Re: Recreating SOLR index after a schema change - without having to re-post the data

Posted by Edwin Stauthamer <es...@emidconsult.com>.
Simple but effective ;-)

On Fri, Jul 31, 2009 at 3:23 PM, Erik Hatcher <er...@ehatchersolutions.com>wrote:

> There certainly could be some intermediate storage of documents prior to
> indexing, but as far as the Lucene index goes it is inherently a one-way
> process.  Solr could facilitate this pretty easily... with an update
> processor that wrote the documents coming in to some other storage (one
> option: simple Solr XML files on the filesystem).  So hope is not lost.
>
>        Erik
>
>
>
>
> On Jul 31, 2009, at 9:07 AM, Edwin Stauthamer wrote:
>
>  That is a shame. I have much experience with Autonomy IDOL and the
>> possibility of quickly reindexing the content without making a call to the
>> original source is great. Just Export, update the config, and import
>> (=reindex) to see if, for instance the performance is better or just to
>> transport the information to an other server.
>>
>> This can only be done of course when there are no fields added etc.
>>
>> On Fri, Jul 31, 2009 at 2:59 PM, Erik Hatcher <erik@ehatchersolutions.com
>> >wrote:
>>
>>
>>> On Jul 31, 2009, at 7:01 AM, Vannia Rajan wrote:
>>>
>>> On Fri, Jul 31, 2009 at 3:22 PM, Erik Hatcher <
>>> erik@ehatchersolutions.com
>>>
>>>> wrote:
>>>>>
>>>>
>>>> You'll have to reindex your documents from scratch.  Such is the nature
>>>>
>>>>> of
>>>>> changing the schema of an index.  It's always a great idea (in fact,
>>>>> I'd
>>>>> say
>>>>> mandatory) to have a full reindex process handy.
>>>>>
>>>>>
>>>>> Thank you for your response.
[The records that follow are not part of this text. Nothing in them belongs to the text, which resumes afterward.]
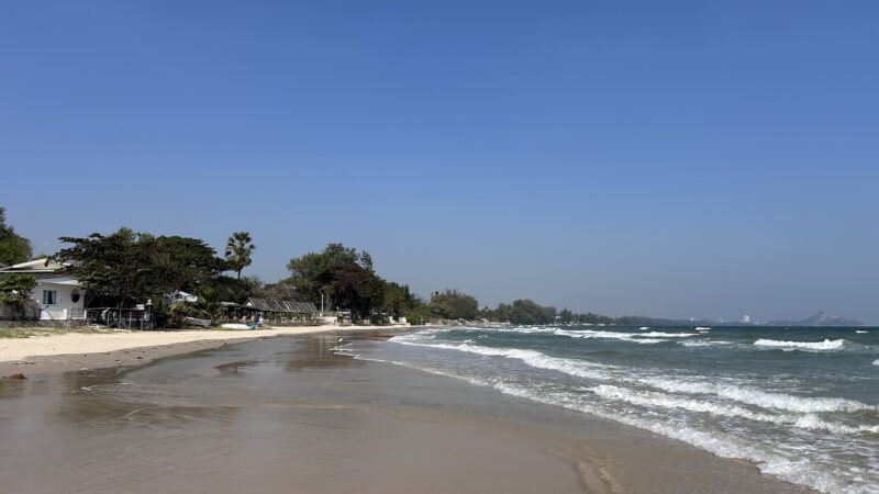 We stop in front of a super cute Beach Resort and Restaurant, and hesitate. Surely this can’t be the beach access for just anybody? But Joe says it is, so we enter the gardens. There are several buildings, and we walk past a pool with sunloungers, before we find the stairs down to the beach.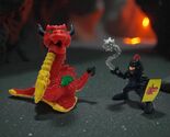 Pre-owned. Rare Red Dragon #7130 from 1995. Rare Black Knight with a Yellow Shield from 1994. Dragon is 4" tall and the knight is 3".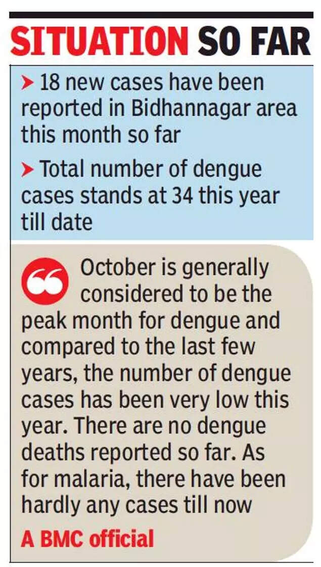 KOLKATA: There has been a rise in the number of dengue cases in Bidhannagar this month after going through an all-time low till September this year. Authorities of the Bidhannagar Municipal Corporation (BMC) said that 18 new cases have been reported this month alone so far, taking the total dengue affected number in entire BMC area to about 34this year till date.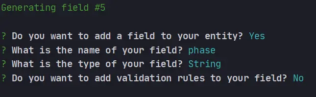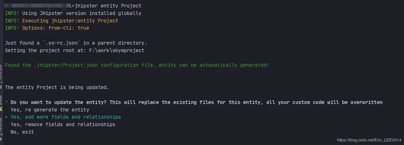 jHipster对已有的实体类进行编辑 fly_piggy 2020-07-20 839 阅读1分钟 解决问题:当我们需要用jHipster增加或者删除一个字段(或者关系)时,我们不需要修改jdl文件可以直接使用以下命令。 jhipster entity Project Project就是要修改的实体类 我们现在需要给Project实体类增加一个phase字段 选择 选择No,不需要添加关系 > 接下来 选择a,就相当于all修改接下去所有的文件,我们可以利用git来回滚我们不需要修改的文件 新增字段已经完成了,我们接下来需要利用liquiBase来生成changLog的数据库修改文件 保持镇定,继续前进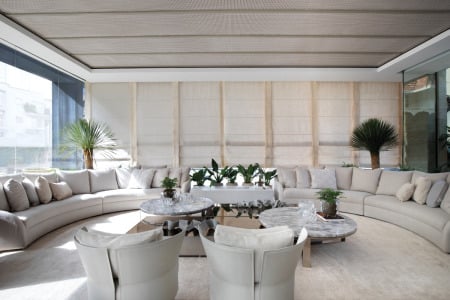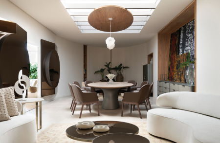 ”Aplicado ao design de interiores, meu conceito de felicidade resulta em um espaço multifuncional que promove conforto, sociabilidade e prazer. “São móveis que, além do visual impactante, permitem que a família e seus convidados desfrutem de momentos intensos de convívio, celebração e prazer.”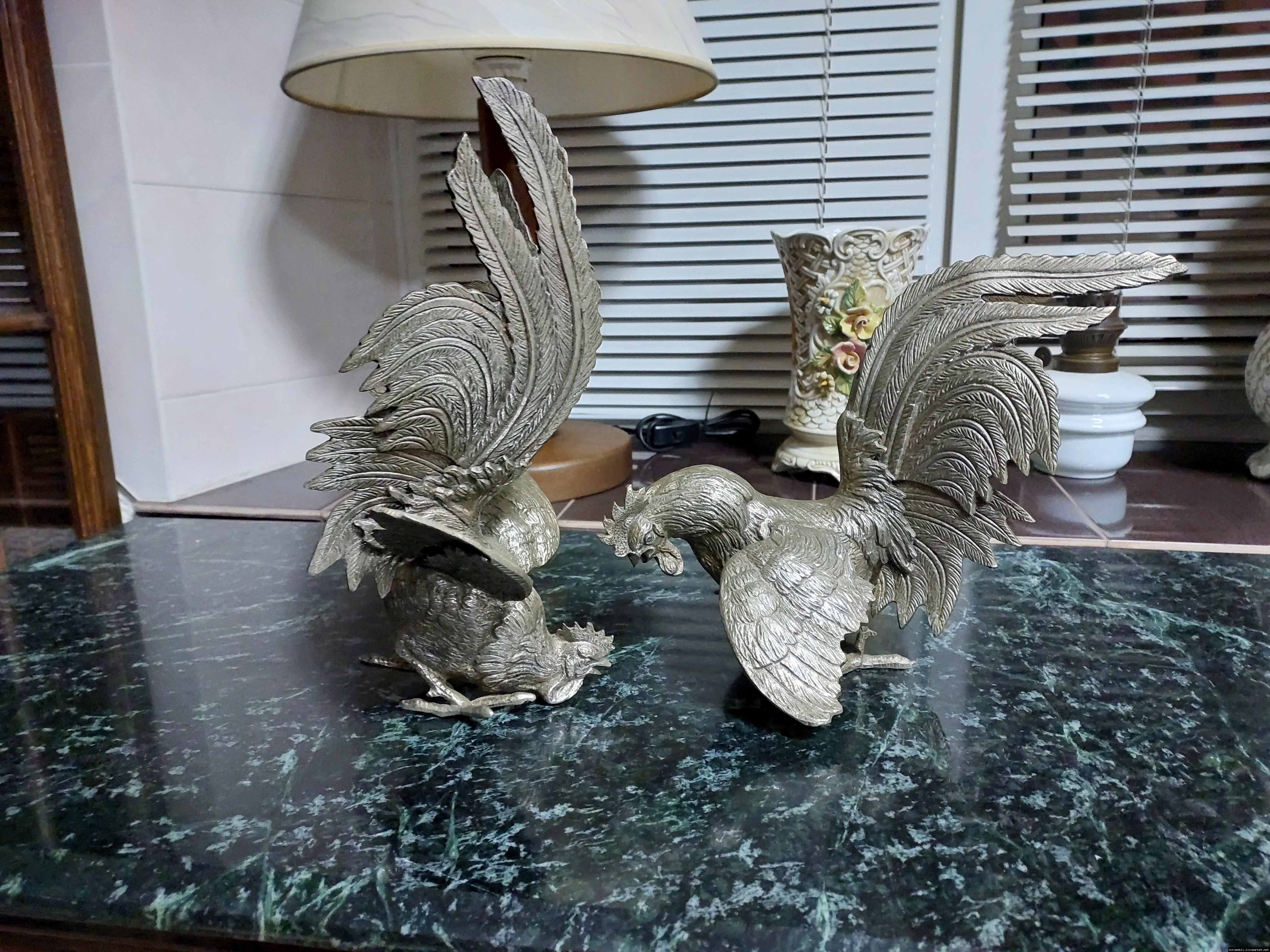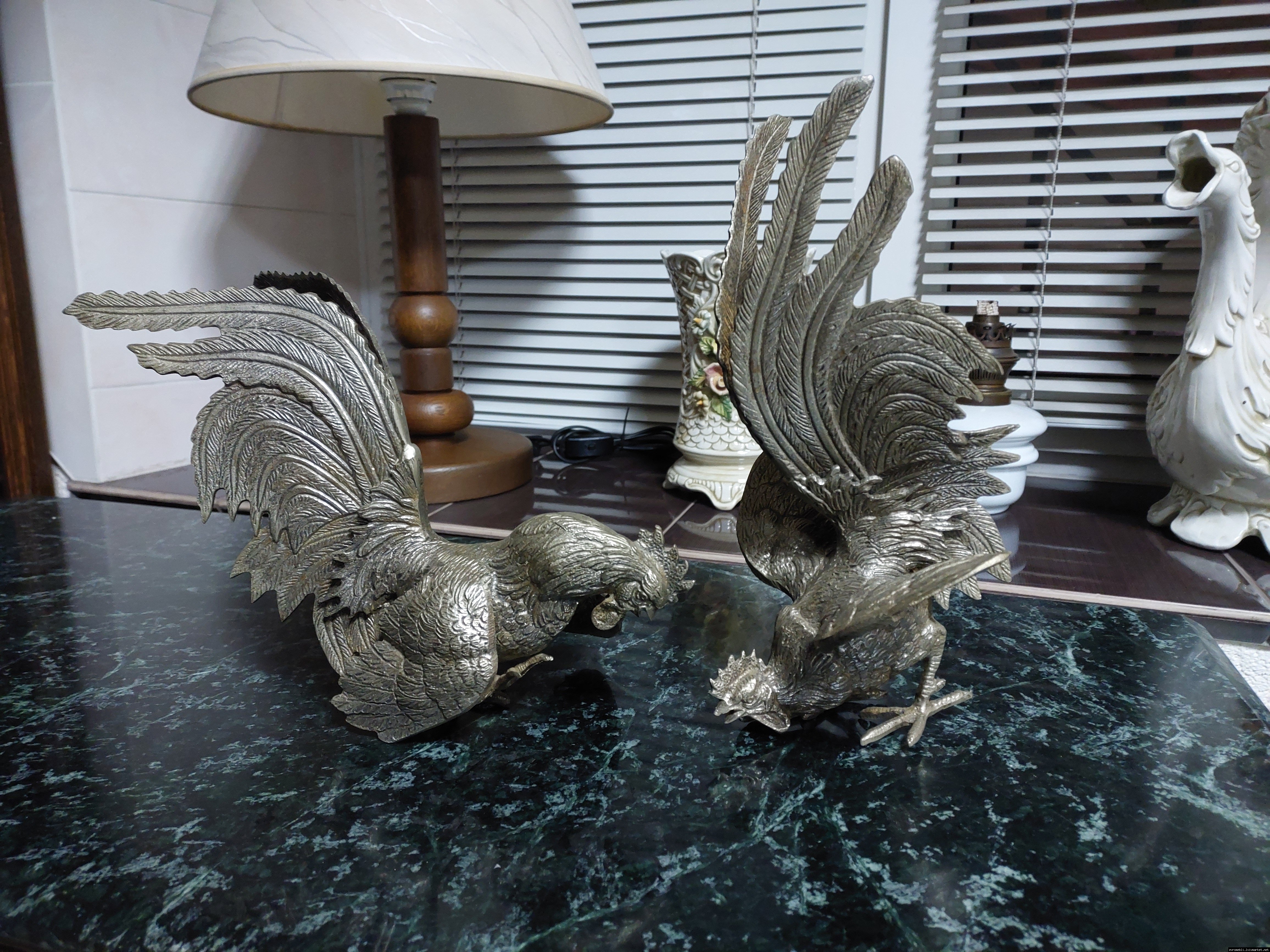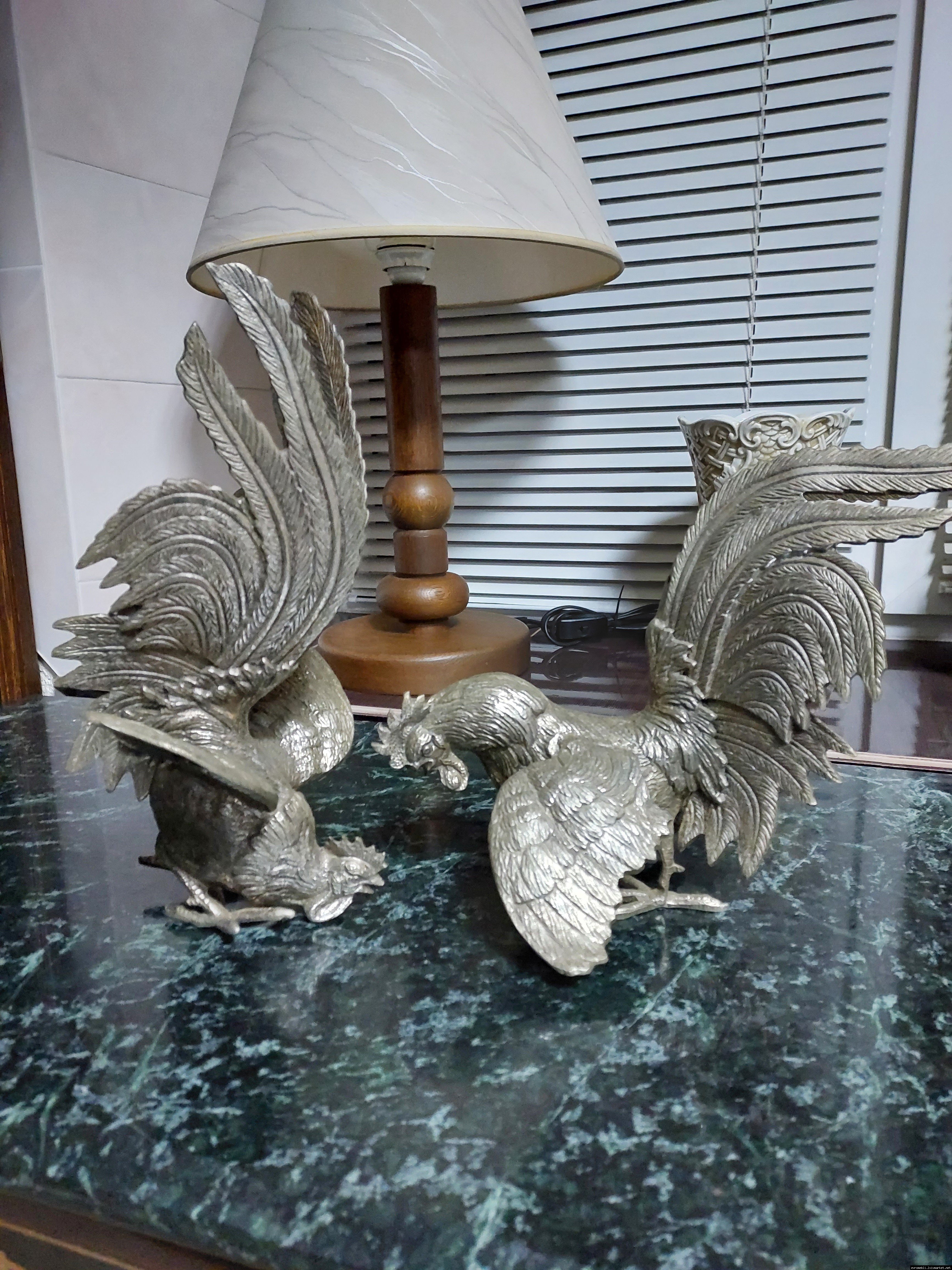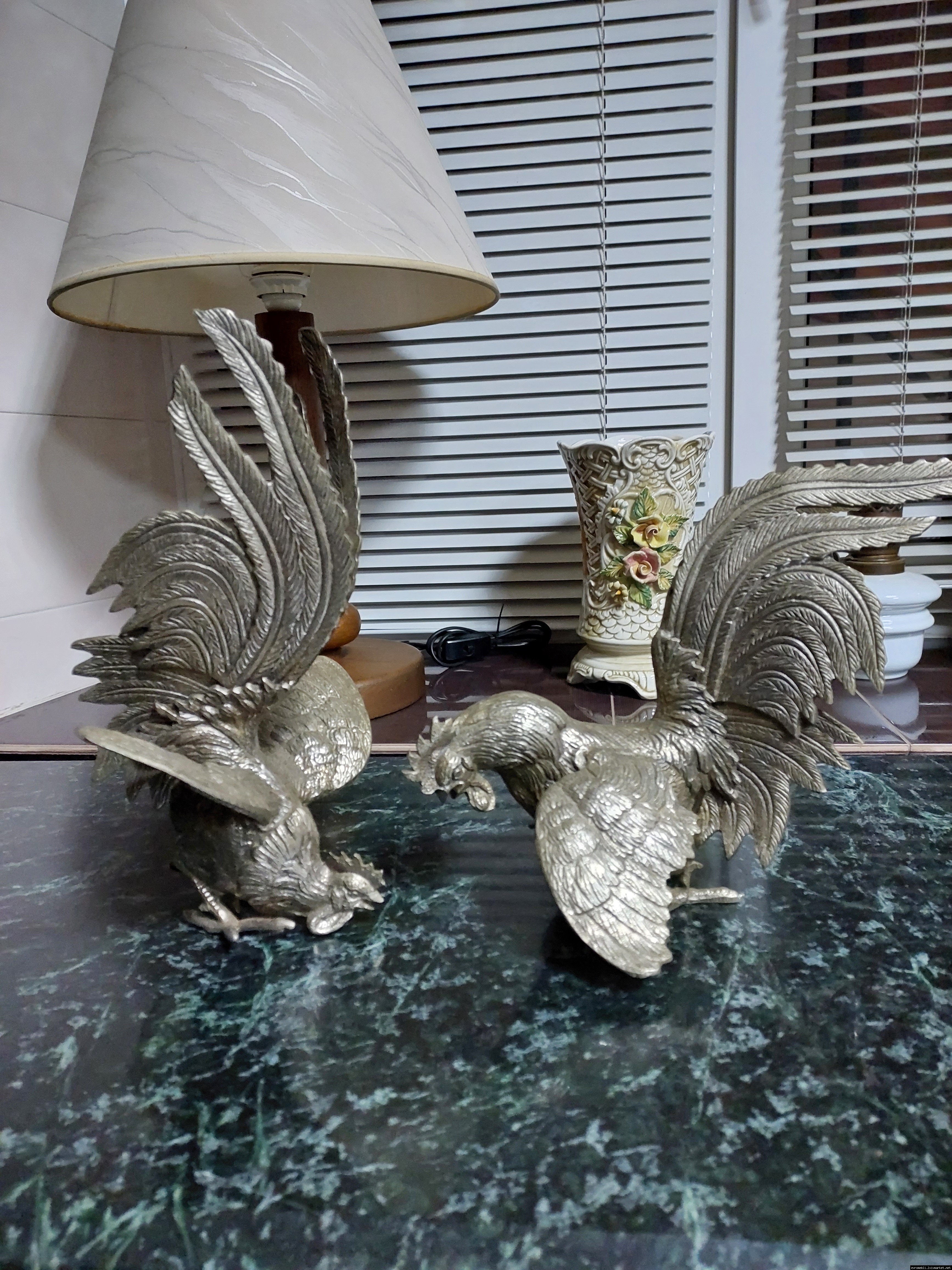 Старовинна парна статуетка "Бій півнів", велика та масивна. Композиція виготовлена з латуні та бронзи, прочеканена, в хорошому стані, привезена з Бельгії. Кожне пірячко опрацьовано руками професіонала. Прекрасна витончена робота у вигляді подарунка.

Yes, i need to make the setup handy to
>>>>>
>>>> query &
>>>> repost to solr - till this new feature is included in SOLR.
>>>>
>>>>
>>> It's only tractable to do this if the original field values are stored,
>>> which is quite prohibitive in many cases.  So I don't think this is a
>>> feature that you'll see in Solr any time soon.
>>>
>>>      Erik
>>>
>>>
>>>
>>
>> --
>> Met vriendelijke groet / Kind regards,
>>
>> Edwin Stauthamer
>> Adviser Search & Collaboration
>> Emid Consult
>> T: +31 (0) 70 8870700
>> M: +31 (0) 6 4555 4994
>> E: estauthamer@emidconsult.com
>> I: http://www.emidconsult.com
>>
>
>


-- 
Met vriendelijke groet / Kind regards,

Edwin Stauthamer
Adviser Search & Collaboration
Emid Consult
T: +31 (0) 70 8870700
M: +31 (0) 6 4555 4994
E: estauthamer@emidconsult.com
I: http://www.emidconsult.com

Re: Recreating SOLR index after a schema change - without having to re-post the data

Posted by Erik Hatcher <er...@ehatchersolutions.com>.
There certainly could be some intermediate storage of documents prior  
to indexing, but as far as the Lucene index goes it is inherently a  
one-way process.  Solr could facilitate this pretty easily... with an  
update processor that wrote the documents coming in to some other  
storage (one option: simple Solr XML files on the filesystem).  So  
hope is not lost.

	Erik



On Jul 31, 2009, at 9:07 AM, Edwin Stauthamer wrote:

> That is a shame. I have much experience with Autonomy IDOL and the
> possibility of quickly reindexing the content without making a call  
> to the
> original source is great. Just Export, update the config, and import
> (=reindex) to see if, for instance the performance is better or just  
> to
> transport the information to an other server.
>
> This can only be done of course when there are no fields added etc.
>
> On Fri, Jul 31, 2009 at 2:59 PM, Erik Hatcher <erik@ehatchersolutions.com 
> >wrote:
>
>>
>> On Jul 31, 2009, at 7:01 AM, Vannia Rajan wrote:
>>
>> On Fri, Jul 31, 2009 at 3:22 PM, Erik Hatcher <erik@ehatchersolutions.com
>>>> wrote:
>>>
>>> You'll have to reindex your documents from scratch.  Such is the  
>>> nature
>>>> of
>>>> changing the schema of an index.  It's always a great idea (in  
>>>> fact, I'd
>>>> say
>>>> mandatory) to have a full reindex process handy.
>>>>
>>>>
>>>> Thank you for your response. Yes, i need to make the setup handy to
>>> query &
>>> repost to solr - till this new feature is included in SOLR.
>>>
>>
>> It's only tractable to do this if the original field values are  
>> stored,
>> which is quite prohibitive in many cases.  So I don't think this is a
>> feature that you'll see in Solr any time soon.
>>
>>       Erik
>>
>>
>
>
> -- 
> Met vriendelijke groet / Kind regards,
>
> Edwin Stauthamer
> Adviser Search & Collaboration
> Emid Consult
> T: +31 (0) 70 8870700
> M: +31 (0) 6 4555 4994
> E: estauthamer@emidconsult.com
> I: http://www.emidconsult.com


Re: Recreating SOLR index after a schema change - without having to re-post the data

Posted by Edwin Stauthamer <es...@emidconsult.com>.
That is a shame. I have much experience with Autonomy IDOL and the
possibility of quickly reindexing the content without making a call to the
original source is great. Just Export, update the config, and import
(=reindex) to see if, for instance the performance is better or just to
transport the information to an other server.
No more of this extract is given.